MySpace upping ante in online social games
March 10, 2010 by Glenn Chapman
MySpace on Wednesday began courting videogame developers as it moved to capitalize on the booming popularity of playing games online at social networks.
MySpace on Wednesday began courting videogame developers as it moved to capitalize on the booming popularity of playing games online at social networks.
"We initially embraced games a few years back with a gaming platform, but at the end of the day it was fairly isolated in certain parts of MySpace," MySpace co-president Mike Jones told AFP at a Game Developers Conference here.
"MySpace is going to put as much weight behind games as we put behind music."
After being eclipsed by online social networking star Facebook, MySpace made itself into an Internet community for people who make or love music.
MySpace sees its prime demographic as Internet users between the ages of 14 and 36.
The social network claims more than 100 million users, about 30 percent of whom rack up about a total of a billion minutes of online game play each month.
Jones believes that by better weaving online games into the fabric of the online community those figures can be doubled to 60 percent of MySpace users logging more than two billion minutes of play monthly.
MySpace is striving to reclaim lost glory and expand its popularity in a social networking world dominated by Facebook, which boasts more than 400 million users.
"MySpace is not falling off a cliff but, at the same time, they see gaming as a ladder to find their way into more people's lives and get back on the radar," said analyst Scott Steinberg, author of Get Rich Playing Games.
"Facebook has left them crowded out.
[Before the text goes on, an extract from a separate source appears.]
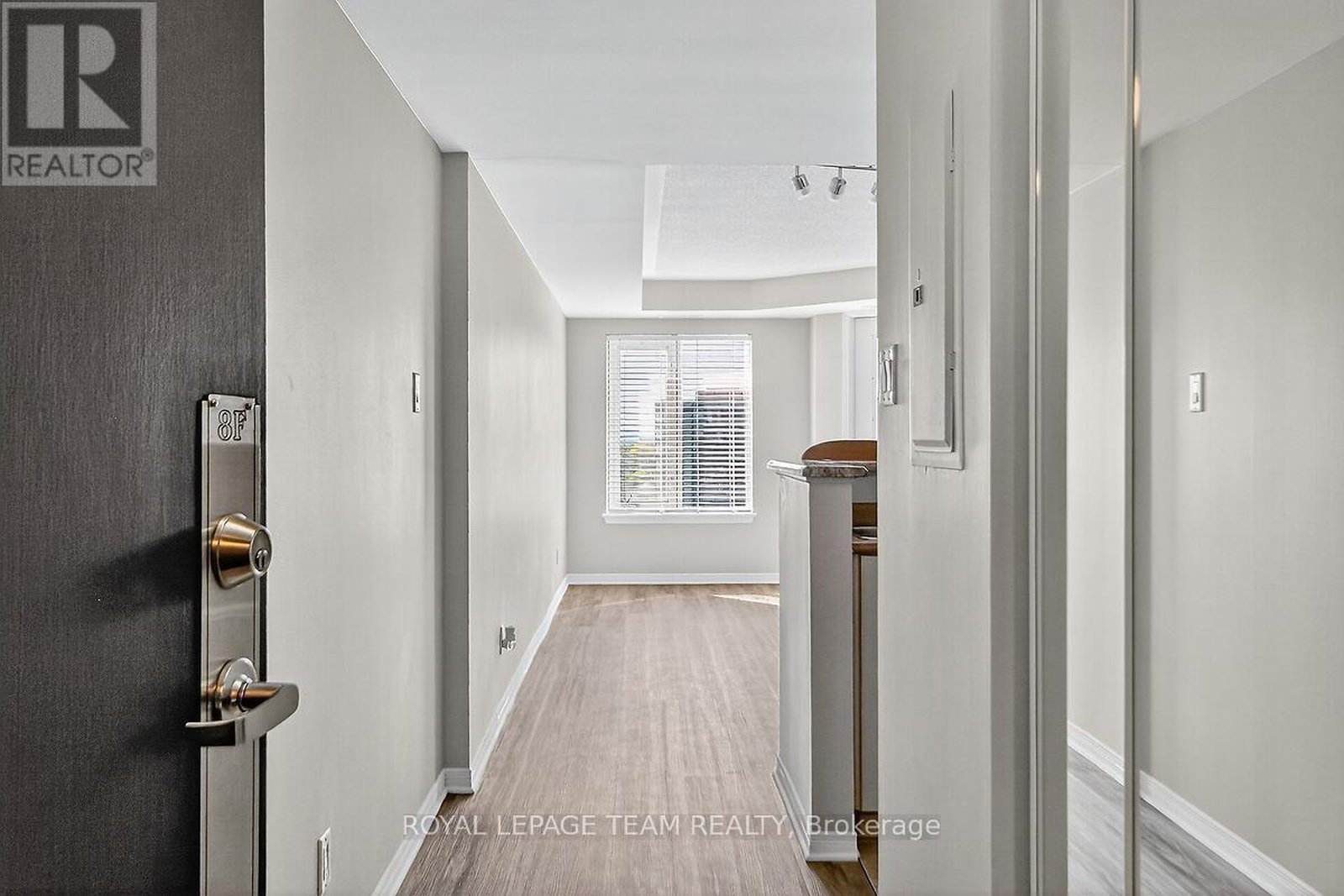 Move in ready bright open concept condominium situated across from the experimental farm and bike paths in desirable Central Park with covered parking and in suite laundry. Enjoy beautiful sunsets on the 8th floor with a patio overlooking a pond, park and tennis courts. Includes five appliances with custom blinds, ceramic in kitchen, bathroom and foyer. Minutes from the Civic hospital, downtown, universities and within walking distance to shopping and restaurants.

At the edge of the spotlight is still out of the light."
MySpace unveiled a new games gallery at myspace.com/games and began automatically recommending games to new members along with song and friend suggestions based on profiles.
Jones promised game developers that the website will make it easier for their creations to spread "virally" by "very gently and slowly" modifying how friends share news of fun titles.
"I really want to make sure we solve the problems of 13 to 34 year-olds and a big part of that strategy is games," Jones told developers at GDC. "It will be easier for you to bring games over to MySpace."
The News Corp-owned social networking service also announced a Neon application that lets MySpace games be played on Apple's popular iPhone devices.
MySpace used feedback from developers to revamp its online gaming platform.
"We are impressed with MySpace's renewed commitment to deliver a great gaming experience to their users and our players," said Marianne Borenstein, a vice president at Playdom, a major maker of games for MySpace and Facebook.
The MySpace announcement came shortly after co-founders of the social networking service unveiled a partnership to acquire online gaming platform MindJolt.
Chris DeWolfe, Colin Digiaro, and Aber Whitcomb said they will spread MindJolt to more websites and smartphones as well as work with game developers to create tools for online play.
MindJolt reported that more than 20 million people play each month on its platform, which features 1,300 "of the best casual games on the Web from developers worldwide."
"MindJolt has quickly become an "on-ramp" to the Internet for the world's independent game developers," said MindJolt chief executive DeWolfe.
"Our goal is to make it even easier for developers to get their games noticed and make more money from their work."
MindJolt's executive team includes MySpace co-founder Whitcomb and other veterans of the social networking service that News Corp bought for 580 million dollars in 2005.
"We want absolutely to work with them," Jones said of MindJolt. "It is not a competition."
MySpace and other social networks are vying for pieces of a growing online gaming pie, according to Steinberg.
"People seem to be rediscovering in increasing numbers the pleasure of play," Steinberg said. "As people are waking up to the possibilities, so are social networks."
Social games are behind the scenes heroes at GDC, with seminars and panels coaching developers in ways to create, deliver, and make money off titles.
"Social gaming is basically propping up the whole industry at this point," Steinberg said.
"All the excitement is in social networks."